Abstract
Introduction:
In patients with urinary diversion, retrograde ureteral access can be technically challenging because of the anatomic distortion and the difficult or impossible identification of the new ureteral orifices. Moreover, failed access is higher in patients with ureteral anastomotic stricture. 1 We present a video of our experience of the ureteral reimplantation using the split-cuff nipple. 2,3 We assess the endoscopic presentation of this reimplantation and show the possibility of a retrograde ureteral endoscopic approach. 4,5
Materials and Methods:
Between September 2005 and February 2008, 28 adult male patients underwent radical cystoprostatectomy and urinary diversion with an orthotopic ileal neobladder 6 –8 (Camey II or Hautmann) in 85.7% (24/28), or a continent cutaneous ileal pouch 9 in 14.3% (4/28) patients. The ureteral reimplantation procedure was achieved by a modified split-cuff ureteral nipple. The ureter is passed through the ileal wall. The ureter is spatulated by a longitudinal ureteral incision of 0.5–1 cm. Then, the ureteral wall is turned back on itself to form a nipple shape. The cuff is fixed with sutures passed between the corners of the turned ureteral walls and the adventitia of the ureter. In case of a large ureter, the ureteral wall is turned back on itself without incision. Then, the ureter is laid in a mucosal trough. The anastomosis is stented using a ureteral catheter or a Double-J stent.

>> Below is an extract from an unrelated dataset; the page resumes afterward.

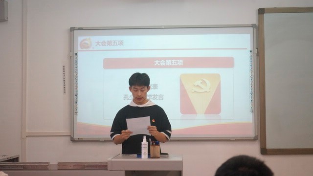在宣誓仪式完成后,新团员代表孔少琪同学发言。他表示能成为一名优秀的共青团员,心中充满了自豪感和光荣感,新团员需要树立坚定的理想信念,确立正确的价值观,勇于担当时代重任,不断学习,不断努力,不断提高。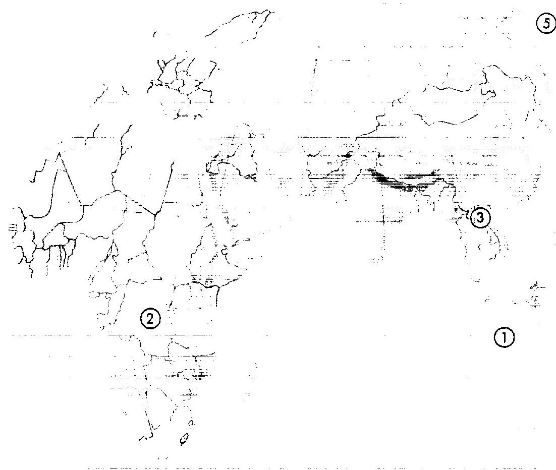 - This image is a black and white outline map of the world, primarily depicting the continents of Europe, Africa, and Asia. It is featured on [Page 3](arke:01KK2FTQFMVYA9SRG0A4WJF269) of a document dated January 14, 1961, classified as "TOP SECRET," and is part of the collection [CIA Test - March 6](arke:01KK2FMPQS3KX59D7G345X3DZD). The map contains five numbered circles, with three explicitly referenced in the accompanying text on [Page 3](arke:01KK2FTQFMVYA9SRG0A4WJF269) to highlight specific geopolitical situations: * **Circle 2** is located in Africa, corresponding to a discussion about the "Situation in the Congo." * **Circle 3** is in Southeast Asia, indicating "The situation in Laos." * **Circle 5** is in the upper right portion of the map, likely referencing the Soviet Union, in conjunction with "Soviet missile activity." Although not explicitly linked by number, the text also mentions "Indonesian President Sukarno appoints high proportion of leftists, including Communist party chairman, to executive bodies in National Front," which likely relates to **Circle 1** located in the Indian Ocean near Indonesia.

The endoscopic presentation was assessed by a cystoscopy at 3 months after the procedure.
Results:
The ureteral reimplantation using the split-cuff nipple was overall possible, independently of the prior caliber of the ureter. The mean duration of the reimplantation procedure was 25 minutes (20–35 minutes). Fifty-three ureteral units were reimplanted with this technique. A ureteral catheter was inserted in 33 ureteral units, and a Double-J stent was inserted in 20 ureteral units. No patient had reflux in the cystographic control. The cystoscopy demonstrated a nipple-shaped ureteral orifice, which was easily identified in all cases. No stenosis was observed, and the placement of a 7F Catheter in the reimplanted ureter was possible. The follow-up was performed using an ultrasound and CT scan, with a mean follow-up of 36 months (6–54 months). Three patients had a retrograde Double-J stent insertion for middle or proximal ureter obstruction due to retroperitoneal lymph node metastasis.
Conclusions:
Compared to direct ureteral reimplantation, the ureteral nipple was clearly prominent and visible in the intestinal pouch. The new ureteral orifice was easily catheterized, which suggests the possibility of retrograde endourological manipulations of the ureter.
The authors have no conflicts of interest or financial ties to disclose.